* Provided information *
========

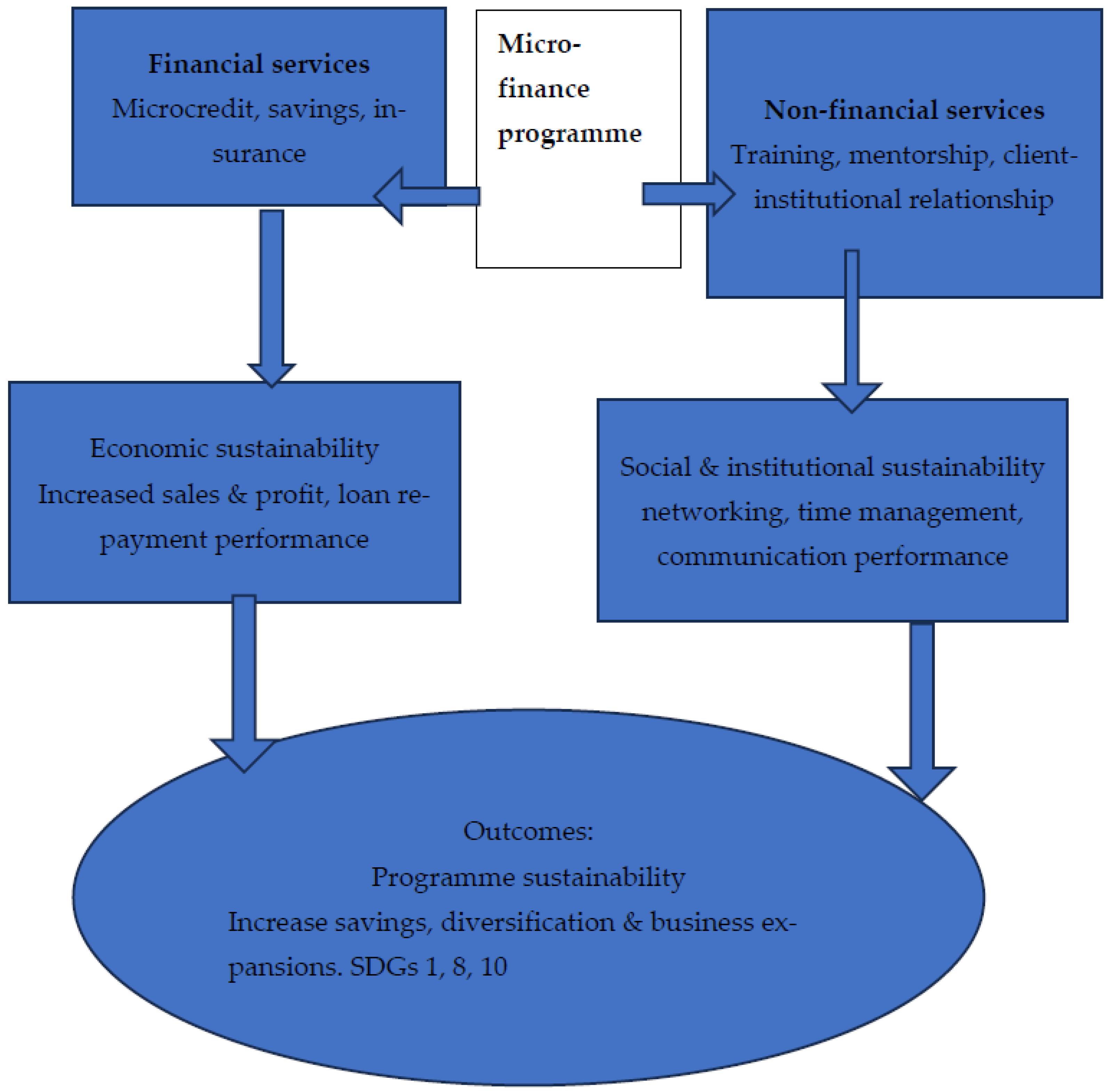 14] show that programmes integrating financial and training services achieve repayment rates of 10 to 20% higher than those offering credit alone. This aligns with participants’ perceptions in the present study. The study revealed that the interconnectedness of financial and non-financial services influences programme success: loan design without individual assistance is unstable, and training without proper loan arrangements is unproductive. The findings are believed to have provided both theoretical insight and practical guidance for designing holistic, client-responsive microfinance models in underserved communities. The findings of this study reveal that the combination of financial and non-financial services enhances loan repayment and the long-term viability of microfinance programmes. This relationship extends beyond institutional performance, as it supports the social and economic sustainability of rural livelihoods. Improved repayment rates and programme continuity contribute to community resilience, job creation, and poverty reduction. In this sense, microfinance sustainability represents an important pathway for achieving inclusive development in disadvantaged regions. By strengthening entrepreneurial capacity and building trust between clients and financial institutions, microfinance programmes foster sustainable income generation and align with the broader sustainable development agenda.
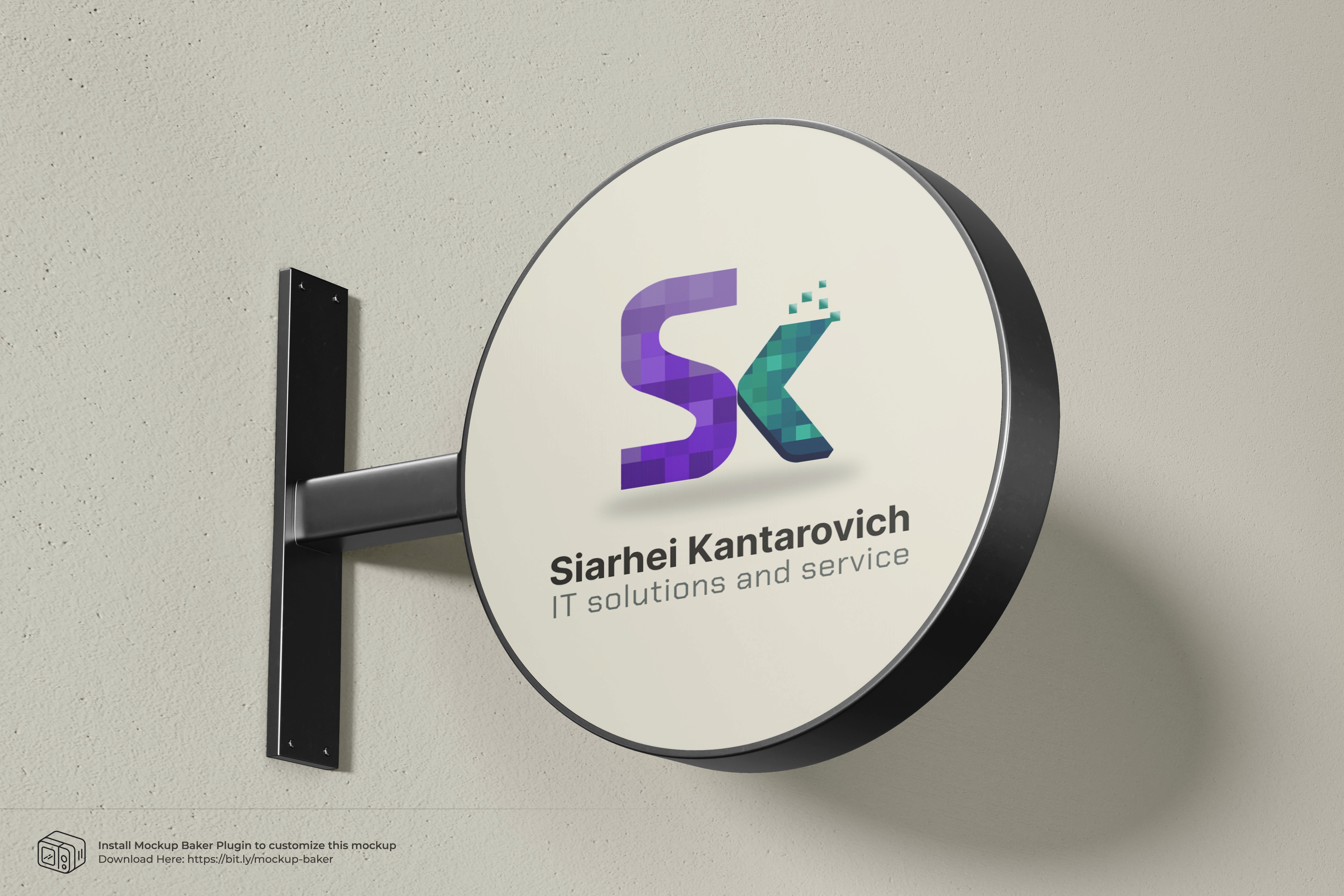 The mark is built on the geometry of the letters S and K. A mosaic (pixelation) effect is used to metaphorically represent data structure and scalability. The purple-to-teal color scheme conveys creativity and innovation.
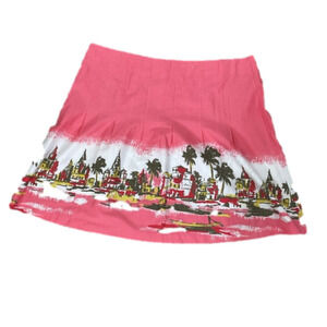 DESCRIPTION: The perfect Summery fun skirt! A line that sits just below the waist with a city scape print. Lightweight. Pretty in pink!
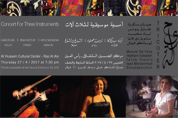 Ateek Initiative presents a concert for hhree Instruments entitled Tricoter / Hiyakeh with Turkish cellist Cag Ercag, qanun Player from Atherbeijan Ayzu Sadiqova and pianist Zina Asfour. The programme includes works by Iyad Mohammad Tarek Younis, Haitham Sukkarieh, De Falla, and Shostakovitch arranged by Iyad Mohammad.
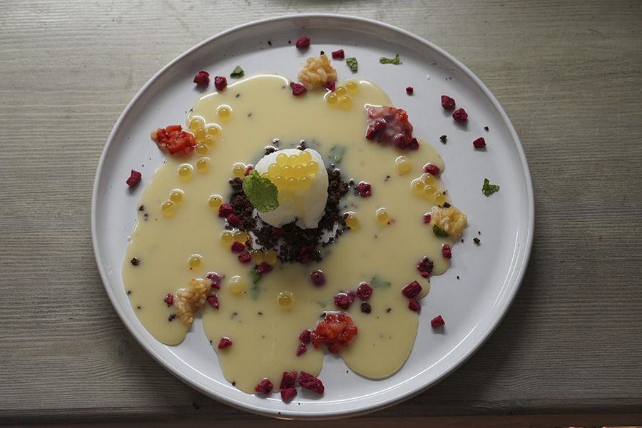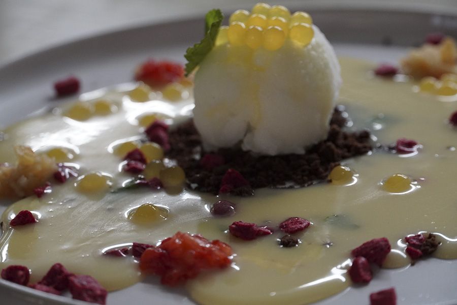 Una base de chocolate como si fuera tierra será el ‘colchón’ del helado de cítricos acompañado de frambuesa crunchy, esferificaciones de lima y chocolate blanco caliente. Una delicia para poner punto final a una experiencia gastronómica única.
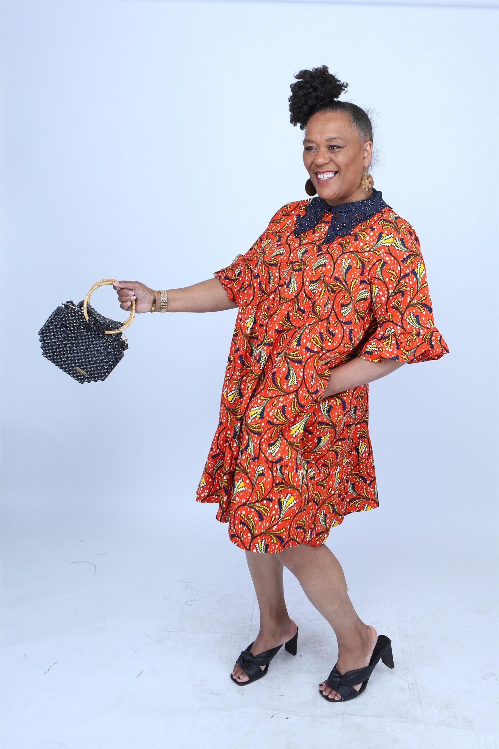 Looking for something eye-catching and fun? Our Blue Lace Collar Orange African Dress is just what you need! With our stunning floral pattern Blue collar, this dress is perfect for an exciting day out. The ruffle trim on the sleeves adds elegance to your dress, making it perfect for any occasion. Looking for convenience? This dress is also sewn with pockets, meaning you do not have to carry a purse with you at your event! Additionally, our dress is sewn with a loose and breathable cut making it easy to move around in.
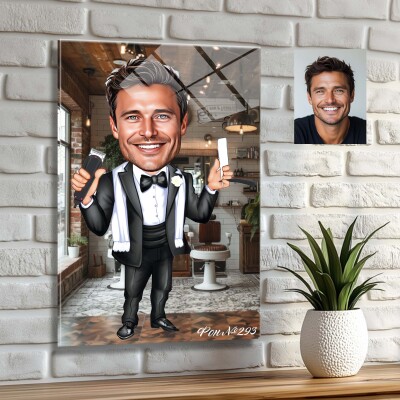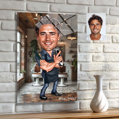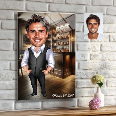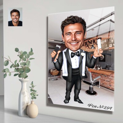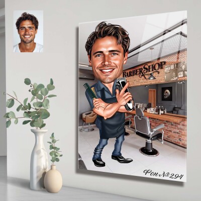 Стъклена карикатура на мъж бръснар (вариант 2)

========

* About this exercise *
Take the lines from the one holding "Una base de" through the final line of the records above and output them exactly, both ends included, excluding pictures.

* Expected answer *
 Una base de chocolate como si fuera tierra será el ‘colchón’ del helado de cítricos acompañado de frambuesa crunchy, esferificaciones de lima y chocolate blanco caliente. Una delicia para poner punto final a una experiencia gastronómica única.
 Looking for something eye-catching and fun? Our Blue Lace Collar Orange African Dress is just what you need! With our stunning floral pattern Blue collar, this dress is perfect for an exciting day out. The ruffle trim on the sleeves adds elegance to your dress, making it perfect for any occasion. Looking for convenience? This dress is also sewn with pockets, meaning you do not have to carry a purse with you at your event! Additionally, our dress is sewn with a loose and breathable cut making it easy to move around in.
 Стъклена карикатура на мъж бръснар (вариант 2)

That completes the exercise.